Quote the listing below in full and exactly as written, but omit every picture.

Provided records —
═══

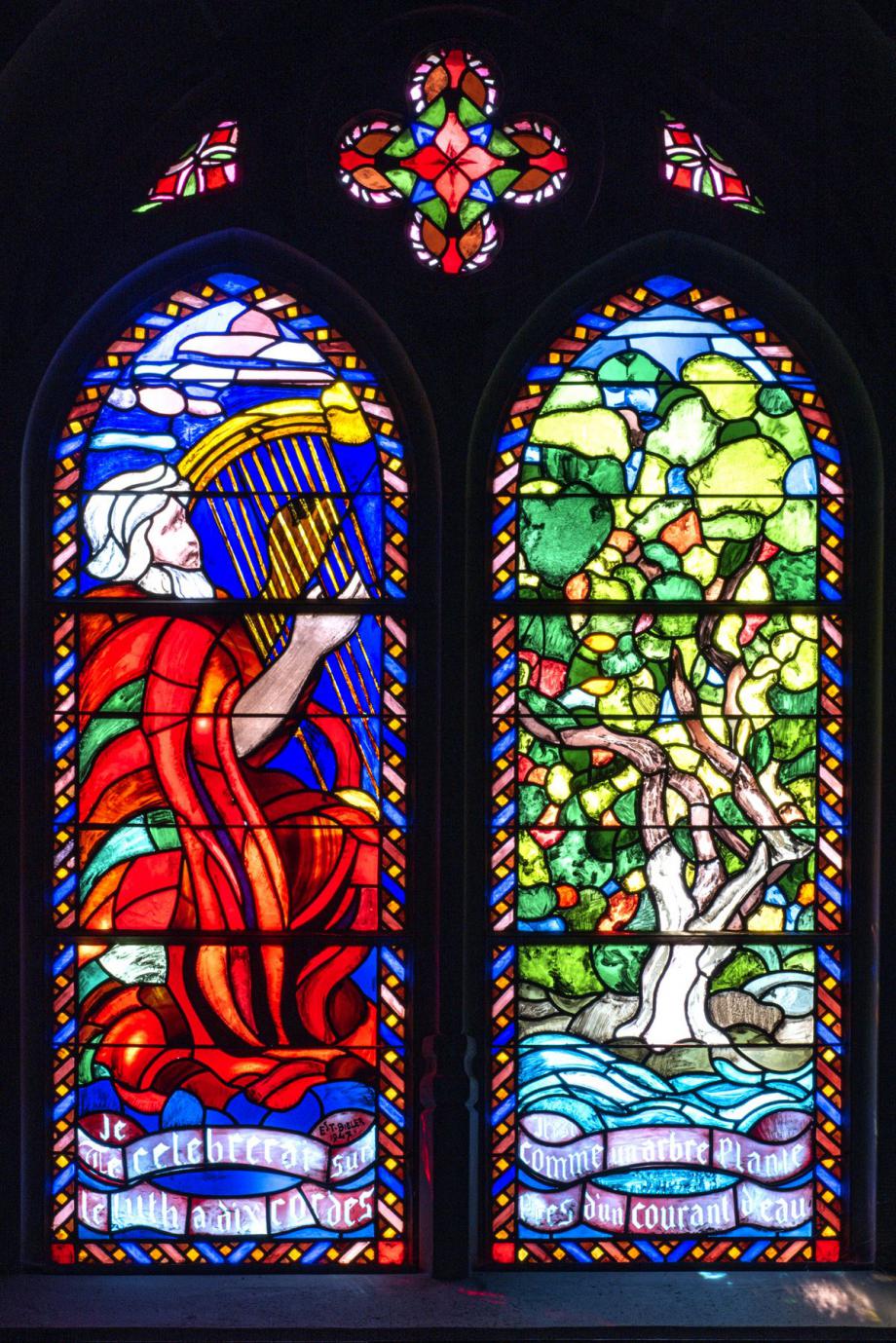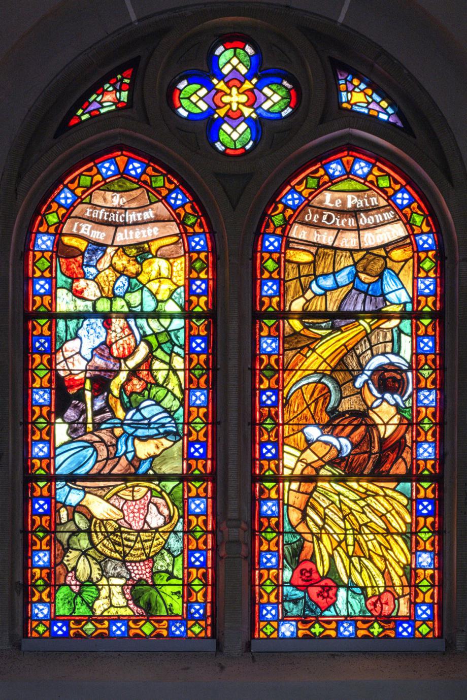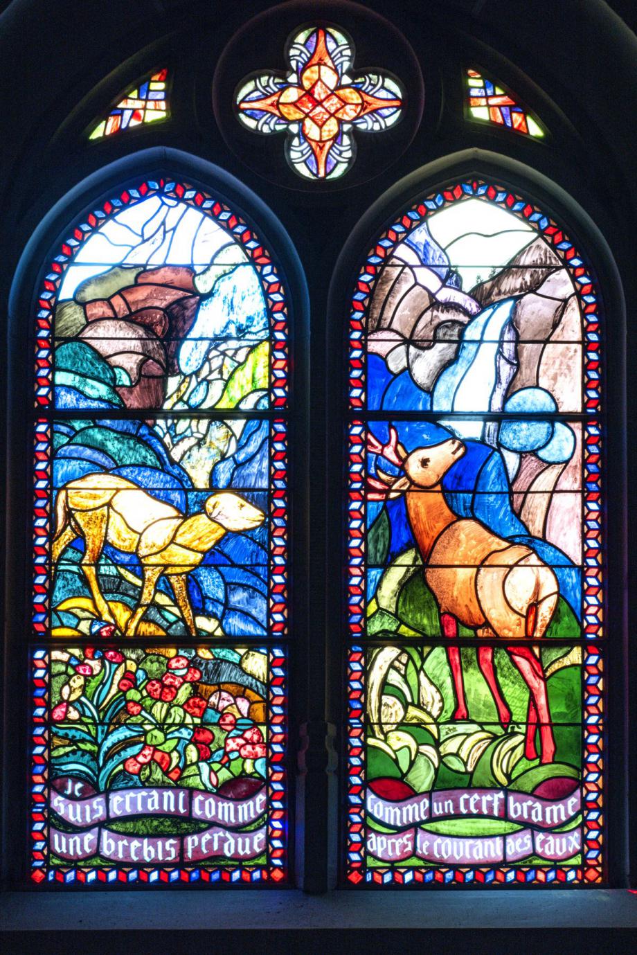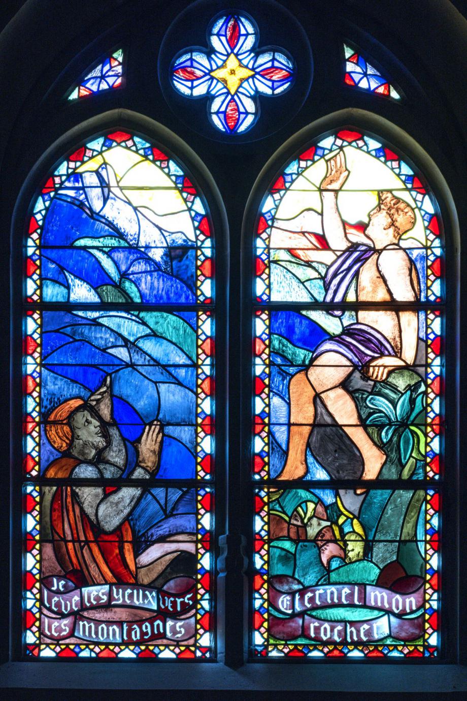 Ernest Biéler entwarf zwischen 1945 und 1950 die Fenster der Seitenschiffe. Diejenigen der westlichen Kapellen zeigen das Leben Christi, während die südlichen Fenster Themen des Alten Testamentes und die nördlichen des Neuen Testamentes aufgreifen. Informationen zum Künstler auch auf Wikipedia (französisch) und im Dictionnaire Historique de Suisse,
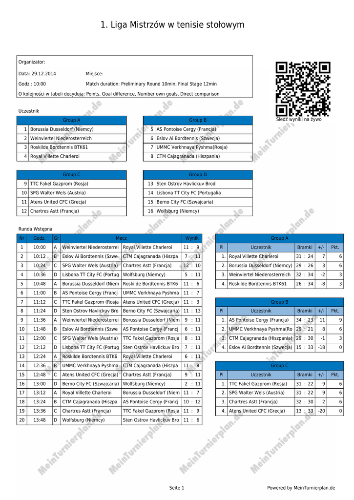 1. Liga Mistrzów w tenisie stołowym Organizator: Data: 29.12.2014 Miejsce: Godz.: 10:00 Match duration: Preliminary Round 10min, Final Stage 12min O kolejności w tabeli decydują: Points, Goal difference, Number own goals, Direct comparison Uczestnik Group A Śledź wyniki na żywo Group B 1 Borussia Dusseldorf (Niemcy) 5 AS Pontoise Cergy (Francja) 2 Weinviertel Niederosterreich 6 Eslov Ai Bordtennis (Szwecja) 3 Roskilde Bordtennis BTK61 7 UMMC Verkhnaya Pyshma(Rosja) 4 Royal Villette Charleroi 8 CTM Cajagranada (Hiszpania) Group C Group D 9 TTC Fakel Gazprom (Rosja) 13 Sten Ostrov Havlickuv Brod 10 SPG Walter Wels (Austria) 14 Lisbona TT City FC (Portugalia 11 Atens United CFC (Grecja) 15 Berno City FC (Szwajcaria) 12 Chartres Astt (Francja) 16 Wolfsburg (Niemcy) Runda Wstępna Nr Godz. Gr 1 10:00 A Weinviertel Niederosterrei Royal Villette Charleroi Mecz 11 : 9 Wynik Group A 2 10:12 B Eslov Ai Bordtennis (Szwe CTM Cajagranada (Hiszpa 7 : 11 1. Royal Villette Charleroi 3 10:24 C SPG Walter Wels (Austria) Chartres Astt (Francja) 4 10:36 D 5 10:48 6 11:00 7 Pl Uczestnik Bramki +/- Pkt. 31 : 24 7 6 12 : 10 2. Borussia Dusseldorf (Niemcy) 29 : 26 3 6 Lisbona TT City FC (Portug Wolfsburg (Niemcy) 5 : 11 3. Weinviertel Niederosterreich 32 : 34 -2 3 A Borussia Dusseldorf (Niem Roskilde Bordtennis BTK6 11 : 6 4. Roskilde Bordtennis BTK61 26 : 34 -8 3 B AS Pontoise Cergy (Francj 11:12 C TTC Fakel Gazprom (Rosja Atens United CFC (Grecja) 11 : 3 8 11:24 D Sten Ostrov Havlickuv Bro Berno City FC (Szwajcaria) 11 : 13 Bramki +/- 9 11:36 A Weinviertel Niederosterrei Borussia Dusseldorf (Niem 9 : 11 1. AS Pontoise Cergy (Francja) 34 : 23 11 9 10 11:48 B Eslov Ai Bordtennis (Szwe AS Pontoise Cergy (Francj 6 : 11 2. UMMC Verkhnaya Pyshma(Ro 29 : 21 8 6 11 12:00 C SPG Walter Wels (Austria) TTC Fakel Gazprom (Rosja 8 : 11 3. CTM Cajagranada (Hiszpania) 29 : 30 -1 3 12 12:12 D Lisbona TT City FC (Portug Sten Ostrov Havlickuv Bro 7 : 11 4. Eslov Ai Bordtennis (Szwecja) 15 : 33 -18 0 13 12:24 A Roskilde Bordtennis BTK6 6 : 11 14 12:36 B UMMC Verkhnaya Pyshma CTM Cajagranada (Hiszpa 11 : 8 15 12:48 C Atens United CFC (Grecja) Chartres Astt (Francja) 9 : 11 16 13:00 D Berno City FC (Szwajcaria) Wolfsburg (Niemcy) 2 : 11 17 13:12 A Royal Villette Charleroi 18 13:24 B CTM Cajagranada (Hiszpa 19 13:36 C Chartres Astt (Francja) TTC Fakel Gazprom (Rosja 11 : 9 20 13:48 D Wolfsburg (Niemcy) Sten Ostrov Havlickuv Bro 11 : 6 UMMC Verkhnaya Pyshma 11 : 7 Royal Villette Charleroi Group B Pl Uczestnik Pkt. Group C Bramki +/- 1. TTC Fakel Gazprom (Rosja) 31 : 22 9 6 Borussia Dusseldorf (Niem 11 : 7 2. SPG Walter Wels (Austria) 31 : 22 9 6 AS Pontoise Cergy (Francj 3. Chartres Astt (Francja) 32 : 30 2 6 4. Atens United CFC (Grecja) 13 : 33 -20 0 10 : 12 Seite 1 Pl Uczestnik Pkt. Powered by MeinTurnierplan.de 1. Liga Mistrzów w tenisie stołowym 21 14:00 A Roskilde Bordtennis BTK6 Weinviertel Niederosterrei 14 : 12 22 14:12 B UMMC Verkhnaya Pyshma Eslov Ai Bordtennis (Szwe 11 : 2 23 14:24 C Atens United CFC (Grecja) SPG Walter Wels (Austria) 1 : 11 24 14:36 D Berno City FC (Szwajcaria) Lisbona TT City FC (Portug 13 : 11 Seite 2 Group D Pl Uczestnik Bramki +/- Pkt. 1. Wolfsburg (Niemcy) 33 : 13 20 9 2. Berno City FC (Szwajcaria) 28 : 33 -5 6 3. Sten Ostrov Havlickuv Brod 28 : 31 -3 3 4. Lisbona TT City FC (Portugali 23 : 35 -12 0 Powered by MeinTurnierplan.de 1. Liga Mistrzów w tenisie stołowym Runda Finałowa Nr Runda Finałowa Beginn Mecz Wynik Ćwierćfinał 1 25 14:56 1. Group A 2. Group B Royal Villette Charleroi UMMC Verkhnaya Pysh 26 15:10 1. Group B Borussia Dusseldorf (Nie AS Pontoise Cergy (Fran Pl Uczestnik 1. 11 : 7 Ćwierćfinał 2 2. Group A k. p.d. 2. 3. 4. 11 : 8 Ćwierćfinał 3 27 15:24 1. Group C 2. Group D TTC Fakel Gazprom (Ros Berno City FC (Szwajcari : Ćwierćfinał 4 28 15:38 2. Group C 1. Group D SPG Walter Wels (Austri Wolfsburg (Niemcy) : Półfinał 1 29 15:52 Zwycięzca ĆF1 Zwycięzca ĆF3 Royal Villette Charleroi spielfrei : Półfinał 2 30 16:06 Zwycięzca ĆF2 Zwycięzca ĆF4 Borussia Dusseldorf (Nie spielfrei : Mecz o miejsce 3 31 16:20 Przegrany PF1 Przegrany PF2 : Finał 32 16:34 Zwycięzca PF1 Zwycięzca PF2 : Seite 3 Powered by MeinTurnierplan.de
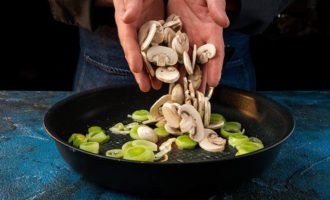 • В сковороде разогреть оливковое масло, выложить порезанный кольцами лук и слегка обжарить. Добавить нарезанные шампиньоны, немного потушить.
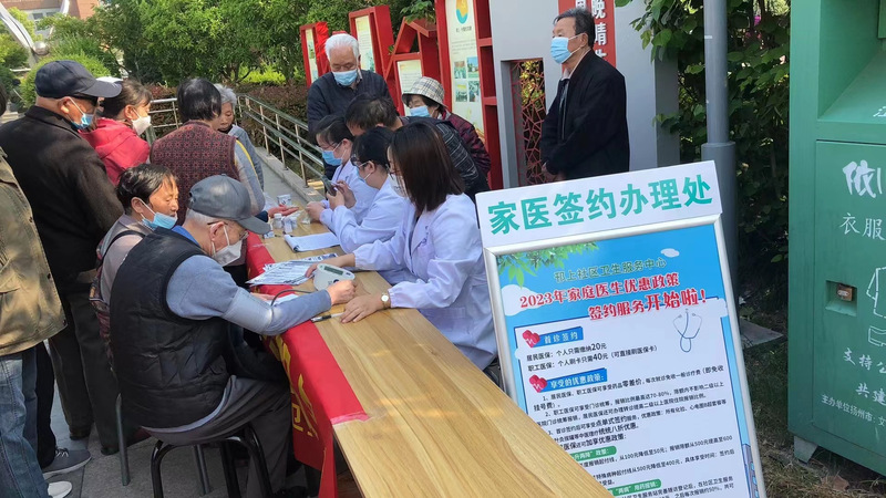 图为邗上街道翠岗花园社区为老人提供家庭医生服务
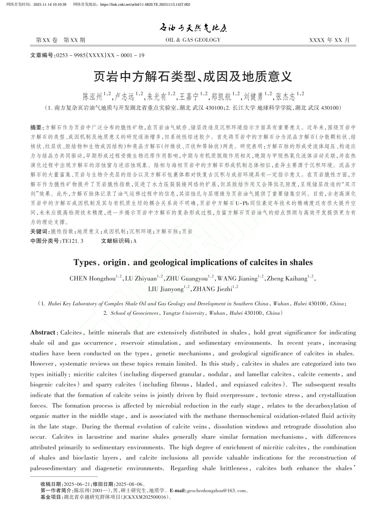 近日,地科学院2024级地质学专业硕士生陈泓州以第一作者身份在中文EI检索期刊《石油与天然气地质》(影响因子7.149)上发表题为“页岩中方解石类型、成因及地质意义”的研究论文。伟德国际1949官网为论文第一署名单位,硕士生陈泓州为论文第一作者,其导师朱光有教授为论文通讯作者。
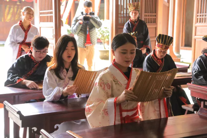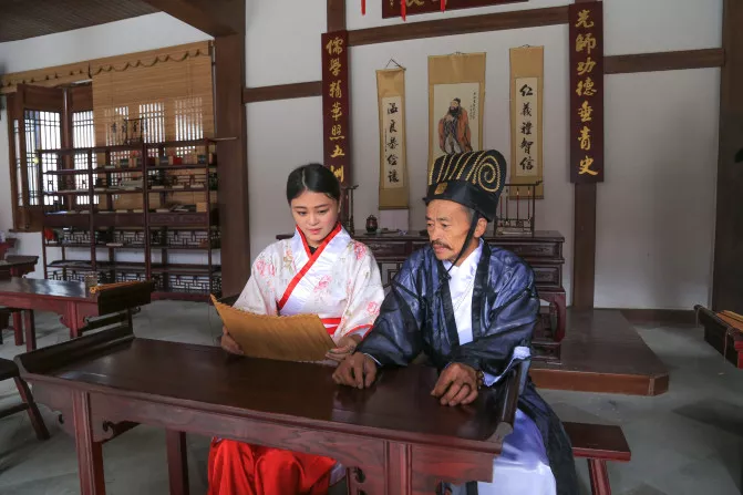同學(xué)們坐下之后,桌子已經(jīng)擺好了竹卷,上面是三字經(jīng)的內(nèi)容,然后學(xué)生跟著老師一起念三字經(jīng),念完三字經(jīng)之后,來(lái)了一個(gè)小插曲,一個(gè)讀書不用功的富家子弟跟老師之間產(chǎn)生各種搞笑奇葩的對(duì)話,也是對(duì)整個(gè)課堂帶來(lái)了一些樂趣。

═══

Answer space —
 Ernest Biéler entwarf zwischen 1945 und 1950 die Fenster der Seitenschiffe. Diejenigen der westlichen Kapellen zeigen das Leben Christi, während die südlichen Fenster Themen des Alten Testamentes und die nördlichen des Neuen Testamentes aufgreifen. Informationen zum Künstler auch auf Wikipedia (französisch) und im Dictionnaire Historique de Suisse,
 1. Liga Mistrzów w tenisie stołowym Organizator: Data: 29.12.2014 Miejsce: Godz.: 10:00 Match duration: Preliminary Round 10min, Final Stage 12min O kolejności w tabeli decydują: Points, Goal difference, Number own goals, Direct comparison Uczestnik Group A Śledź wyniki na żywo Group B 1 Borussia Dusseldorf (Niemcy) 5 AS Pontoise Cergy (Francja) 2 Weinviertel Niederosterreich 6 Eslov Ai Bordtennis (Szwecja) 3 Roskilde Bordtennis BTK61 7 UMMC Verkhnaya Pyshma(Rosja) 4 Royal Villette Charleroi 8 CTM Cajagranada (Hiszpania) Group C Group D 9 TTC Fakel Gazprom (Rosja) 13 Sten Ostrov Havlickuv Brod 10 SPG Walter Wels (Austria) 14 Lisbona TT City FC (Portugalia 11 Atens United CFC (Grecja) 15 Berno City FC (Szwajcaria) 12 Chartres Astt (Francja) 16 Wolfsburg (Niemcy) Runda Wstępna Nr Godz. Gr 1 10:00 A Weinviertel Niederosterrei Royal Villette Charleroi Mecz 11 : 9 Wynik Group A 2 10:12 B Eslov Ai Bordtennis (Szwe CTM Cajagranada (Hiszpa 7 : 11 1. Royal Villette Charleroi 3 10:24 C SPG Walter Wels (Austria) Chartres Astt (Francja) 4 10:36 D 5 10:48 6 11:00 7 Pl Uczestnik Bramki +/- Pkt. 31 : 24 7 6 12 : 10 2. Borussia Dusseldorf (Niemcy) 29 : 26 3 6 Lisbona TT City FC (Portug Wolfsburg (Niemcy) 5 : 11 3. Weinviertel Niederosterreich 32 : 34 -2 3 A Borussia Dusseldorf (Niem Roskilde Bordtennis BTK6 11 : 6 4. Roskilde Bordtennis BTK61 26 : 34 -8 3 B AS Pontoise Cergy (Francj 11:12 C TTC Fakel Gazprom (Rosja Atens United CFC (Grecja) 11 : 3 8 11:24 D Sten Ostrov Havlickuv Bro Berno City FC (Szwajcaria) 11 : 13 Bramki +/- 9 11:36 A Weinviertel Niederosterrei Borussia Dusseldorf (Niem 9 : 11 1. AS Pontoise Cergy (Francja) 34 : 23 11 9 10 11:48 B Eslov Ai Bordtennis (Szwe AS Pontoise Cergy (Francj 6 : 11 2. UMMC Verkhnaya Pyshma(Ro 29 : 21 8 6 11 12:00 C SPG Walter Wels (Austria) TTC Fakel Gazprom (Rosja 8 : 11 3. CTM Cajagranada (Hiszpania) 29 : 30 -1 3 12 12:12 D Lisbona TT City FC (Portug Sten Ostrov Havlickuv Bro 7 : 11 4. Eslov Ai Bordtennis (Szwecja) 15 : 33 -18 0 13 12:24 A Roskilde Bordtennis BTK6 6 : 11 14 12:36 B UMMC Verkhnaya Pyshma CTM Cajagranada (Hiszpa 11 : 8 15 12:48 C Atens United CFC (Grecja) Chartres Astt (Francja) 9 : 11 16 13:00 D Berno City FC (Szwajcaria) Wolfsburg (Niemcy) 2 : 11 17 13:12 A Royal Villette Charleroi 18 13:24 B CTM Cajagranada (Hiszpa 19 13:36 C Chartres Astt (Francja) TTC Fakel Gazprom (Rosja 11 : 9 20 13:48 D Wolfsburg (Niemcy) Sten Ostrov Havlickuv Bro 11 : 6 UMMC Verkhnaya Pyshma 11 : 7 Royal Villette Charleroi Group B Pl Uczestnik Pkt. Group C Bramki +/- 1. TTC Fakel Gazprom (Rosja) 31 : 22 9 6 Borussia Dusseldorf (Niem 11 : 7 2. SPG Walter Wels (Austria) 31 : 22 9 6 AS Pontoise Cergy (Francj 3. Chartres Astt (Francja) 32 : 30 2 6 4. Atens United CFC (Grecja) 13 : 33 -20 0 10 : 12 Seite 1 Pl Uczestnik Pkt. Powered by MeinTurnierplan.de 1. Liga Mistrzów w tenisie stołowym 21 14:00 A Roskilde Bordtennis BTK6 Weinviertel Niederosterrei 14 : 12 22 14:12 B UMMC Verkhnaya Pyshma Eslov Ai Bordtennis (Szwe 11 : 2 23 14:24 C Atens United CFC (Grecja) SPG Walter Wels (Austria) 1 : 11 24 14:36 D Berno City FC (Szwajcaria) Lisbona TT City FC (Portug 13 : 11 Seite 2 Group D Pl Uczestnik Bramki +/- Pkt. 1. Wolfsburg (Niemcy) 33 : 13 20 9 2. Berno City FC (Szwajcaria) 28 : 33 -5 6 3. Sten Ostrov Havlickuv Brod 28 : 31 -3 3 4. Lisbona TT City FC (Portugali 23 : 35 -12 0 Powered by MeinTurnierplan.de 1. Liga Mistrzów w tenisie stołowym Runda Finałowa Nr Runda Finałowa Beginn Mecz Wynik Ćwierćfinał 1 25 14:56 1. Group A 2. Group B Royal Villette Charleroi UMMC Verkhnaya Pysh 26 15:10 1. Group B Borussia Dusseldorf (Nie AS Pontoise Cergy (Fran Pl Uczestnik 1. 11 : 7 Ćwierćfinał 2 2. Group A k. p.d. 2. 3. 4. 11 : 8 Ćwierćfinał 3 27 15:24 1. Group C 2. Group D TTC Fakel Gazprom (Ros Berno City FC (Szwajcari : Ćwierćfinał 4 28 15:38 2. Group C 1. Group D SPG Walter Wels (Austri Wolfsburg (Niemcy) : Półfinał 1 29 15:52 Zwycięzca ĆF1 Zwycięzca ĆF3 Royal Villette Charleroi spielfrei : Półfinał 2 30 16:06 Zwycięzca ĆF2 Zwycięzca ĆF4 Borussia Dusseldorf (Nie spielfrei : Mecz o miejsce 3 31 16:20 Przegrany PF1 Przegrany PF2 : Finał 32 16:34 Zwycięzca PF1 Zwycięzca PF2 : Seite 3 Powered by MeinTurnierplan.de
 • В сковороде разогреть оливковое масло, выложить порезанный кольцами лук и слегка обжарить. Добавить нарезанные шампиньоны, немного потушить.
 图为邗上街道翠岗花园社区为老人提供家庭医生服务
 近日,地科学院2024级地质学专业硕士生陈泓州以第一作者身份在中文EI检索期刊《石油与天然气地质》(影响因子7.149)上发表题为“页岩中方解石类型、成因及地质意义”的研究论文。伟德国际1949官网为论文第一署名单位,硕士生陈泓州为论文第一作者,其导师朱光有教授为论文通讯作者。
同學(xué)們坐下之后,桌子已經(jīng)擺好了竹卷,上面是三字經(jīng)的內(nèi)容,然后學(xué)生跟著老師一起念三字經(jīng),念完三字經(jīng)之后,來(lái)了一個(gè)小插曲,一個(gè)讀書不用功的富家子弟跟老師之間產(chǎn)生各種搞笑奇葩的對(duì)話,也是對(duì)整個(gè)課堂帶來(lái)了一些樂趣。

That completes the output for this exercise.